Every record must be repeated precisely as it stands.

-------- The input --------

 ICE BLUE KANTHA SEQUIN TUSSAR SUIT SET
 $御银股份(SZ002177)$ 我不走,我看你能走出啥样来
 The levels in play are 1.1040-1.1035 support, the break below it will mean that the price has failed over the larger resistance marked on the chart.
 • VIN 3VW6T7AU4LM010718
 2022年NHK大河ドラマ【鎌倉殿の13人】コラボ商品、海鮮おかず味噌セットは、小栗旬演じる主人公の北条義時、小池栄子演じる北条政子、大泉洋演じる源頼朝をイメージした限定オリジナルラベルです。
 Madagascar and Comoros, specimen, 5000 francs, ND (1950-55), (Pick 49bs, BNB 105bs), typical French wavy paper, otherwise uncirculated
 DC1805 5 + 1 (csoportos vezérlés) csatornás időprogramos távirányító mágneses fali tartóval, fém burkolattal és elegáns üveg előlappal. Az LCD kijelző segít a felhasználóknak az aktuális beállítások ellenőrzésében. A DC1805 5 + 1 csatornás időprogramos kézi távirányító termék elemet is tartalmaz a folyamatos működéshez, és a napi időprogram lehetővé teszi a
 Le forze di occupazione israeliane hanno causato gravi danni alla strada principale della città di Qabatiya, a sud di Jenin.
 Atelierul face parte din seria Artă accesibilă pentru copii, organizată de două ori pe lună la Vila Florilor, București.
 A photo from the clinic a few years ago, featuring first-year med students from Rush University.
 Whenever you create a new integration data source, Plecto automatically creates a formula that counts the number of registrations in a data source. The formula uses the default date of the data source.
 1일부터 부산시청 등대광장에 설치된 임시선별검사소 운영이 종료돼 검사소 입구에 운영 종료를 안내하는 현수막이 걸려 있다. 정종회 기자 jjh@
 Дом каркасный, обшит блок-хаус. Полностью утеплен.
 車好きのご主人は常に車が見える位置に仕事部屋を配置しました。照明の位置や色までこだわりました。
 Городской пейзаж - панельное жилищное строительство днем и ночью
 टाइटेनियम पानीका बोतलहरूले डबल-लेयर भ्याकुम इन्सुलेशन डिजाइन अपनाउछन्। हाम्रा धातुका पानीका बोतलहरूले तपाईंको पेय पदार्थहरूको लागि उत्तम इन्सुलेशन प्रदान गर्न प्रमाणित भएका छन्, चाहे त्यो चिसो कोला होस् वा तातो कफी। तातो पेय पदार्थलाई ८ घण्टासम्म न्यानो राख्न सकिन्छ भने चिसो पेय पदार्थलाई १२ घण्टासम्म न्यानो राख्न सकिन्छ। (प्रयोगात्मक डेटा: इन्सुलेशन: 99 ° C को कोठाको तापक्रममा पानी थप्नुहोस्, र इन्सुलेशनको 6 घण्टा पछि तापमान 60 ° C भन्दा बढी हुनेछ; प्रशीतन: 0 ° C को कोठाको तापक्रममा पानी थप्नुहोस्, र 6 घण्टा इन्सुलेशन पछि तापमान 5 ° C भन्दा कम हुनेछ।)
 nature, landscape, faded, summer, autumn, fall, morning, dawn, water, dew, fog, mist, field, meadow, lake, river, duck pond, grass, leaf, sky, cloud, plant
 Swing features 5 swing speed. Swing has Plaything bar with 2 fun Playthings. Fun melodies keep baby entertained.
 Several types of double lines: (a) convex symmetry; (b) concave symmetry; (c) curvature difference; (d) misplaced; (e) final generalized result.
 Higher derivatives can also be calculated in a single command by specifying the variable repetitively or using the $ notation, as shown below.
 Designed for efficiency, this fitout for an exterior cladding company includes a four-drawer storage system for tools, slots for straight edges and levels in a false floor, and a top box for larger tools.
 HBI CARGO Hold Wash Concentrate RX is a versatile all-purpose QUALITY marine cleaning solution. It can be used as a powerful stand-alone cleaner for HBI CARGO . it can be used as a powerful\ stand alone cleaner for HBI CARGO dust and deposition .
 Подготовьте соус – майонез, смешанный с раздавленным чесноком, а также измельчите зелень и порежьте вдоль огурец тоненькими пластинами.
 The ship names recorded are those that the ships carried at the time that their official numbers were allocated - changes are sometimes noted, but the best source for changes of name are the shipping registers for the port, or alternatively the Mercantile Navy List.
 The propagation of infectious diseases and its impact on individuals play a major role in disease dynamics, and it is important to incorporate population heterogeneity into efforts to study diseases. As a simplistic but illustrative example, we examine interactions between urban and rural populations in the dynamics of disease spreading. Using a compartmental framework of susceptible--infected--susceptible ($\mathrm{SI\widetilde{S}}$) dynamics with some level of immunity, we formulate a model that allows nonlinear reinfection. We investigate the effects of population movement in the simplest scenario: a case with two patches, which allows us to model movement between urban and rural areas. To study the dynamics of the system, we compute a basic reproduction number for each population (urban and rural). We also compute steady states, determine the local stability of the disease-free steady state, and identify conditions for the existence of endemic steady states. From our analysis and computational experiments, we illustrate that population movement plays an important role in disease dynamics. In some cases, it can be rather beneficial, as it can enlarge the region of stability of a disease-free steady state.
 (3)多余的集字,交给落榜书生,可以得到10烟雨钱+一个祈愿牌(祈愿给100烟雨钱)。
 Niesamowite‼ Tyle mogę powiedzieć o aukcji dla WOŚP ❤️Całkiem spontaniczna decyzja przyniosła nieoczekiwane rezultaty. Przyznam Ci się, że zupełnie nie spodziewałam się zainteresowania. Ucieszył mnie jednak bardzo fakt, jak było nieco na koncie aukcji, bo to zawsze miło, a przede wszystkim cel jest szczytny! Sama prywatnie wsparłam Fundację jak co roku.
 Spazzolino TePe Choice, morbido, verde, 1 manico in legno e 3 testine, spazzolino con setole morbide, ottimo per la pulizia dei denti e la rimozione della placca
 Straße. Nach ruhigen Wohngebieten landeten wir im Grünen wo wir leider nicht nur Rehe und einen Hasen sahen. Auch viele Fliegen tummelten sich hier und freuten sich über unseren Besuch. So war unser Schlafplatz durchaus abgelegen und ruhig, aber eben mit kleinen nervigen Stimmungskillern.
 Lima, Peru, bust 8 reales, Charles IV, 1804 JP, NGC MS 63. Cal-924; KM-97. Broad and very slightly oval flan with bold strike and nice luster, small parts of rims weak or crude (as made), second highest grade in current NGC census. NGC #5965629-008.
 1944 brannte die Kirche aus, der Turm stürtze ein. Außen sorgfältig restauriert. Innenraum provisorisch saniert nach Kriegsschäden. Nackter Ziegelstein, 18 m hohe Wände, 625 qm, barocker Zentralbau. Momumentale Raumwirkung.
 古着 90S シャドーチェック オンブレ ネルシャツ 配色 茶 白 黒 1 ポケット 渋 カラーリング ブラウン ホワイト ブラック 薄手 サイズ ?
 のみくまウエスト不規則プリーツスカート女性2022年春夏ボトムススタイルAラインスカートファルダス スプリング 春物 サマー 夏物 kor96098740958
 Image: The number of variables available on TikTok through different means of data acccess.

--------

* Reply to the exercise *
 ICE BLUE KANTHA SEQUIN TUSSAR SUIT SET
 $御银股份(SZ002177)$ 我不走,我看你能走出啥样来
 The levels in play are 1.1040-1.1035 support, the break below it will mean that the price has failed over the larger resistance marked on the chart.
 • VIN 3VW6T7AU4LM010718
 2022年NHK大河ドラマ【鎌倉殿の13人】コラボ商品、海鮮おかず味噌セットは、小栗旬演じる主人公の北条義時、小池栄子演じる北条政子、大泉洋演じる源頼朝をイメージした限定オリジナルラベルです。
 Madagascar and Comoros, specimen, 5000 francs, ND (1950-55), (Pick 49bs, BNB 105bs), typical French wavy paper, otherwise uncirculated
 DC1805 5 + 1 (csoportos vezérlés) csatornás időprogramos távirányító mágneses fali tartóval, fém burkolattal és elegáns üveg előlappal. Az LCD kijelző segít a felhasználóknak az aktuális beállítások ellenőrzésében. A DC1805 5 + 1 csatornás időprogramos kézi távirányító termék elemet is tartalmaz a folyamatos működéshez, és a napi időprogram lehetővé teszi a
 Le forze di occupazione israeliane hanno causato gravi danni alla strada principale della città di Qabatiya, a sud di Jenin.
 Atelierul face parte din seria Artă accesibilă pentru copii, organizată de două ori pe lună la Vila Florilor, București.
 A photo from the clinic a few years ago, featuring first-year med students from Rush University.
 Whenever you create a new integration data source, Plecto automatically creates a formula that counts the number of registrations in a data source. The formula uses the default date of the data source.
 1일부터 부산시청 등대광장에 설치된 임시선별검사소 운영이 종료돼 검사소 입구에 운영 종료를 안내하는 현수막이 걸려 있다. 정종회 기자 jjh@
 Дом каркасный, обшит блок-хаус. Полностью утеплен.
 車好きのご主人は常に車が見える位置に仕事部屋を配置しました。照明の位置や色までこだわりました。
 Городской пейзаж - панельное жилищное строительство днем и ночью
 टाइटेनियम पानीका बोतलहरूले डबल-लेयर भ्याकुम इन्सुलेशन डिजाइन अपनाउछन्। हाम्रा धातुका पानीका बोतलहरूले तपाईंको पेय पदार्थहरूको लागि उत्तम इन्सुलेशन प्रदान गर्न प्रमाणित भएका छन्, चाहे त्यो चिसो कोला होस् वा तातो कफी। तातो पेय पदार्थलाई ८ घण्टासम्म न्यानो राख्न सकिन्छ भने चिसो पेय पदार्थलाई १२ घण्टासम्म न्यानो राख्न सकिन्छ। (प्रयोगात्मक डेटा: इन्सुलेशन: 99 ° C को कोठाको तापक्रममा पानी थप्नुहोस्, र इन्सुलेशनको 6 घण्टा पछि तापमान 60 ° C भन्दा बढी हुनेछ; प्रशीतन: 0 ° C को कोठाको तापक्रममा पानी थप्नुहोस्, र 6 घण्टा इन्सुलेशन पछि तापमान 5 ° C भन्दा कम हुनेछ।)
 nature, landscape, faded, summer, autumn, fall, morning, dawn, water, dew, fog, mist, field, meadow, lake, river, duck pond, grass, leaf, sky, cloud, plant
 Swing features 5 swing speed. Swing has Plaything bar with 2 fun Playthings. Fun melodies keep baby entertained.
 Several types of double lines: (a) convex symmetry; (b) concave symmetry; (c) curvature difference; (d) misplaced; (e) final generalized result.
 Higher derivatives can also be calculated in a single command by specifying the variable repetitively or using the $ notation, as shown below.
 Designed for efficiency, this fitout for an exterior cladding company includes a four-drawer storage system for tools, slots for straight edges and levels in a false floor, and a top box for larger tools.
 HBI CARGO Hold Wash Concentrate RX is a versatile all-purpose QUALITY marine cleaning solution. It can be used as a powerful stand-alone cleaner for HBI CARGO . it can be used as a powerful\ stand alone cleaner for HBI CARGO dust and deposition .
 Подготовьте соус – майонез, смешанный с раздавленным чесноком, а также измельчите зелень и порежьте вдоль огурец тоненькими пластинами.
 The ship names recorded are those that the ships carried at the time that their official numbers were allocated - changes are sometimes noted, but the best source for changes of name are the shipping registers for the port, or alternatively the Mercantile Navy List.
 The propagation of infectious diseases and its impact on individuals play a major role in disease dynamics, and it is important to incorporate population heterogeneity into efforts to study diseases. As a simplistic but illustrative example, we examine interactions between urban and rural populations in the dynamics of disease spreading. Using a compartmental framework of susceptible--infected--susceptible ($\mathrm{SI\widetilde{S}}$) dynamics with some level of immunity, we formulate a model that allows nonlinear reinfection. We investigate the effects of population movement in the simplest scenario: a case with two patches, which allows us to model movement between urban and rural areas. To study the dynamics of the system, we compute a basic reproduction number for each population (urban and rural). We also compute steady states, determine the local stability of the disease-free steady state, and identify conditions for the existence of endemic steady states. From our analysis and computational experiments, we illustrate that population movement plays an important role in disease dynamics. In some cases, it can be rather beneficial, as it can enlarge the region of stability of a disease-free steady state.
 (3)多余的集字,交给落榜书生,可以得到10烟雨钱+一个祈愿牌(祈愿给100烟雨钱)。
 Niesamowite‼ Tyle mogę powiedzieć o aukcji dla WOŚP ❤️Całkiem spontaniczna decyzja przyniosła nieoczekiwane rezultaty. Przyznam Ci się, że zupełnie nie spodziewałam się zainteresowania. Ucieszył mnie jednak bardzo fakt, jak było nieco na koncie aukcji, bo to zawsze miło, a przede wszystkim cel jest szczytny! Sama prywatnie wsparłam Fundację jak co roku.
 Spazzolino TePe Choice, morbido, verde, 1 manico in legno e 3 testine, spazzolino con setole morbide, ottimo per la pulizia dei denti e la rimozione della placca
 Straße. Nach ruhigen Wohngebieten landeten wir im Grünen wo wir leider nicht nur Rehe und einen Hasen sahen. Auch viele Fliegen tummelten sich hier und freuten sich über unseren Besuch. So war unser Schlafplatz durchaus abgelegen und ruhig, aber eben mit kleinen nervigen Stimmungskillern.
 Lima, Peru, bust 8 reales, Charles IV, 1804 JP, NGC MS 63. Cal-924; KM-97. Broad and very slightly oval flan with bold strike and nice luster, small parts of rims weak or crude (as made), second highest grade in current NGC census. NGC #5965629-008.
 1944 brannte die Kirche aus, der Turm stürtze ein. Außen sorgfältig restauriert. Innenraum provisorisch saniert nach Kriegsschäden. Nackter Ziegelstein, 18 m hohe Wände, 625 qm, barocker Zentralbau. Momumentale Raumwirkung.
 古着 90S シャドーチェック オンブレ ネルシャツ 配色 茶 白 黒 1 ポケット 渋 カラーリング ブラウン ホワイト ブラック 薄手 サイズ ?
 のみくまウエスト不規則プリーツスカート女性2022年春夏ボトムススタイルAラインスカートファルダス スプリング 春物 サマー 夏物 kor96098740958
 Image: The number of variables available on TikTok through different means of data acccess.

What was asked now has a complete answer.